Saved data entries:
------------

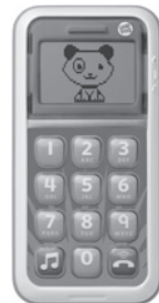
Chat & Count* 18+ months
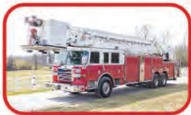
2006 Pierce Dash 100' Platform Detroit Diesel
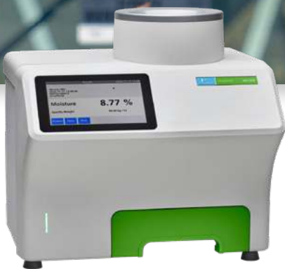
Aquamatic 5300 Grain Moisture Meter
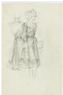
Long-Sleeved Dress with Ruffled Collar (KA0067_000285)
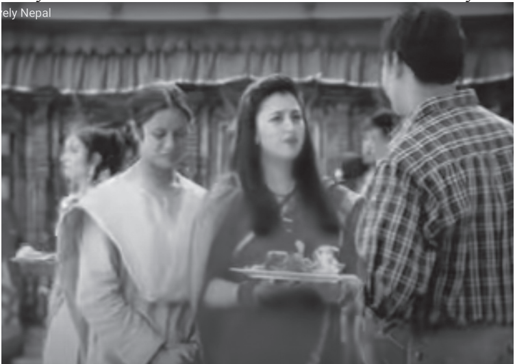
Figure 6. A still image from the Fair and Lovely commercial

Okhati soap also features fair, spotless, and slim female models indicating this effect of this product however soaps are used by males too. And the whole advertisement is voiced by a male voice.
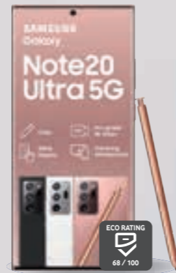
Samsung Galaxy Note20 Ultra 5G
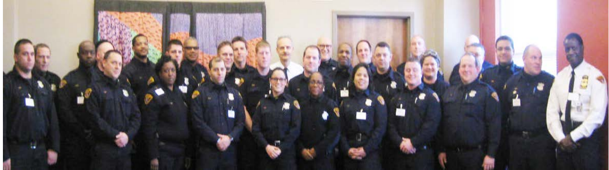
41 Cleveland Police Officers and a Dispatcher graduated from the ADAMHS Board CIT Training on February 13, 2015.

◆Our training is based on the nationally recognized Memphis Crisis Intervention Team model. ◆Involvement in the 40-hour CIT Training is voluntary and the Board offers the training free of charge.
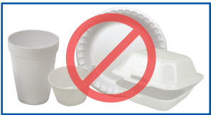
Plastic foam (Styrofoam™)
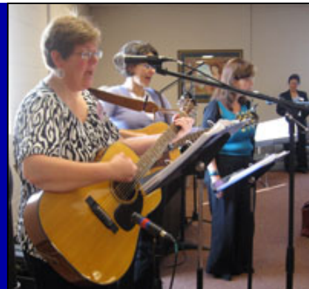
Women from Word of Life Community in Ann Arbor led music for the conference
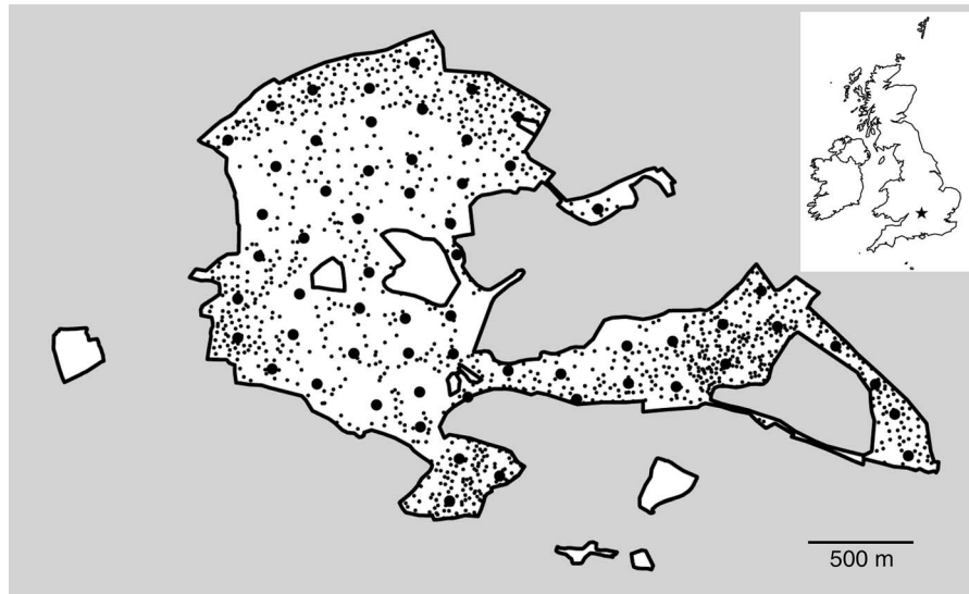
FIG. 1. The location of data loggers (large circles) and nest boxes (small circles) in Wytham Woods, UK (latitude and longitude: 51.77, -1.34 ). Inset shows the location of Wytham Woods (star) within the British Isles.

2005, Gienapp and Bregnballe 2012). These trends are often attributed to higher quality individuals being better able to absorb costs associated with arriving earlier than what might, strictly, be optimal for breeding if there was no competition. By arriving early, these individuals may gain a substantial competitive advantage associated with prior occupancy of breeding territories.

------------

◆ YOUR ASSIGNMENT ◆
Your answer must be the exact lines from the start of the data through the line with "41 Cleveland Police", inclusive, and nothing else; pictures do not belong in it.

◆ YOUR RESPONSE ◆
Chat & Count* 18+ months
2006 Pierce Dash 100' Platform Detroit Diesel
Aquamatic 5300 Grain Moisture Meter
Long-Sleeved Dress with Ruffled Collar (KA0067_000285)
Figure 6. A still image from the Fair and Lovely commercial

Okhati soap also features fair, spotless, and slim female models indicating this effect of this product however soaps are used by males too. And the whole advertisement is voiced by a male voice.
Samsung Galaxy Note20 Ultra 5G
41 Cleveland Police Officers and a Dispatcher graduated from the ADAMHS Board CIT Training on February 13, 2015.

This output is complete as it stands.